Neuromodulatory connectivity defines the structure of a behavioral neural network

  1. Feici Diao
  2. Amicia D Elliott
  3. Fengqiu Diao
  4. Sarav Shah
  5. Benjamin H White  Is a corresponding author
  1. National Institute of Mental Health, National Institutes of Health, United States
  2. National Institute of General Medical Sciences, National Institutes of Health, United States

Peer review process

This article was accepted for publication as part of eLife's original publishing model.

History

  1. Version of Record published
  2. Accepted Manuscript published
  3. Accepted
  4. Received

Decision letter

  1. Ronald L Calabrese
    Reviewing Editor; Emory University, United States

In the interests of transparency, eLife includes the editorial decision letter and accompanying author responses. A lightly edited version of the letter sent to the authors after peer review is shown, indicating the most substantive concerns; minor comments are not usually included.

Thank you for submitting your article "Neuromodulatory connectivity defines the structure of a behavioral neural network" for consideration by eLife. Your article has been reviewed by three peer reviewers, one of whom, Ronald L Calabrese (Reviewer #3), is a member of our Board of Reviewing Editors, and the evaluation has been overseen by Eve Marder as the Senior Editor. The following individual involved in review of your submission has agreed to reveal their identity: Michael E Adams (Reviewer #2).

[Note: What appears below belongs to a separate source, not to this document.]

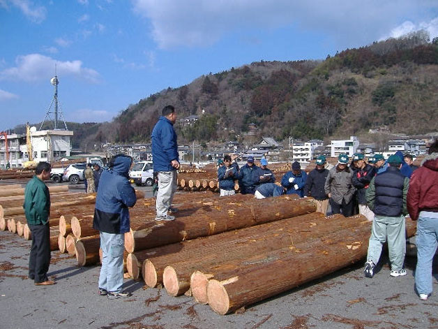 どこの原木市場でも同じセリのスタイルのようで、「振り子」と呼ばれる市場の職員さんが、原木を1本ずつセリにかけていきます。振り子さんの「さあ、こちら5万から〜」という甲高い掛け声に、我々買い方は購入の意志を伝えます。ライバルがいなければ落札というわけです。ライバルがいれば、価格が上がっていくわけです。当たり前ですが……。

The reviewers have discussed the reviews with one another and the Reviewing Editor has drafted this decision to help you prepare a revised submission.

Summary:

This is an elegant and informative study that advances our knowledge considerably regarding neuromodulatory regulation of the pupal ecdysis behavioral sequence in Drosophila melanogaster. The authors have capitalized on their earlier development of Trojan exon targeting of peptide receptors to identify neuronal targets of ETH, bursicon, and CCAP and ascertain their roles in each of the sequential behaviors. Using a combination of behavioral monitoring, calcium imaging, and selective activation of neuronal groups through expression of temperature sensitive TrpA1 and ATP/P2X2, they have identified layers (modular input, CPG, motor output) of circuit organization and how they interact to produce an innate sequence of behaviors. These findings have general relevance to our understanding of how multiple centrally patterned behaviors can be encoded by modulating the properties/connections of neural circuit(s). The work is nicely illustrated with exemplary data. The writing is clear and the Introduction in particular very scholarly.

Essential revisions:

1) The manuscript as written does not provide a clear description of the genotypes used in the experiments. This makes it difficult at times to gauge the quality of experimental controls. It is also a significant barrier to future replication of the experiments. Full genotypes, preferably using standard Drosophila genetic notation, should be included in the manuscript in a way that makes it easy for the reader to determine the precise genotypes used for each experiment. This is particularly pressing for the first P2X2 experiment shown in Figure 3, as it is not completely clear what the genotype of the control line is here (see point two below).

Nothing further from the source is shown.